Aslında Salı gecesi hikayenin sonu değil başlangıcı, her şeyin 2 yönü var, zulmün de 2 yönü var.
Çok klişe olacak ama “öldürmeyen darbe” güçlendiriyor, Fenerbahçe de giderek güçleniyor.
Rekabetin en zor yanı ayakta kalmaktır, tarih rekabete cesaret edemeyenlerin “entrika”ya başvurdukları örneklerle doludur.
Fenerbahçe bizzat devlet içinde yaşayan devlet yetkisi kullanan bir grup tarafından saldırıya uğramış ama devlet suçluları tespit ettiği halde kulübün zararını karşılamamış, tam tersi rakipleri tesis, vergi, hibe devlet desteği ile ayakta tutulmuş Fenerbahçe’ye ise 1 metrekare arazi için kira talebi düşmüştür.

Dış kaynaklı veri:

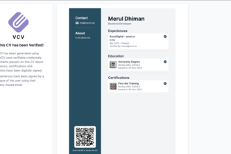VCV revolutionizes the CV, It allows for you to create verifiable and clean CVs where an employer can upload them and instantly verify them and view their individual verifiable credentials which combine to make the CV.

Fetö, Ağar, siyaset taraf olmuştur.
İşte İsviçre lig sonuncusu karşısında düşülen ve ülkemizi 3. dünya ülkesi futbolu konumuna getiren durumun özeti budur.
Sadece oyunumuz ile değil oyuncu tekmelemek gibi terbiyesizliğimiz de ülke futbolunu dibe vurdurmuştur.
Hak etmediğiniz size bahşedilen hiçbir şey size ait değildir, her zaman size onu veren kişiye aittir.
Gerçekler Euro 2024’de, Şampiyonlar Ligi’nde, rakibin 10 kişi kaldığı maçlarda ortaya çıkar.
Artık hiç şüphe yok ki Önder Özen’in oğlu haklıdır ve o da oğlundan özür dilemelidir.
Sadece o değil, Fenerbahçe’ye düşman olursam ballı yorumculuk kaparım diye son 13 yıldır Fenerbahçe ırkçlığı yapan herkesin foyası ortaya çıkmıştır.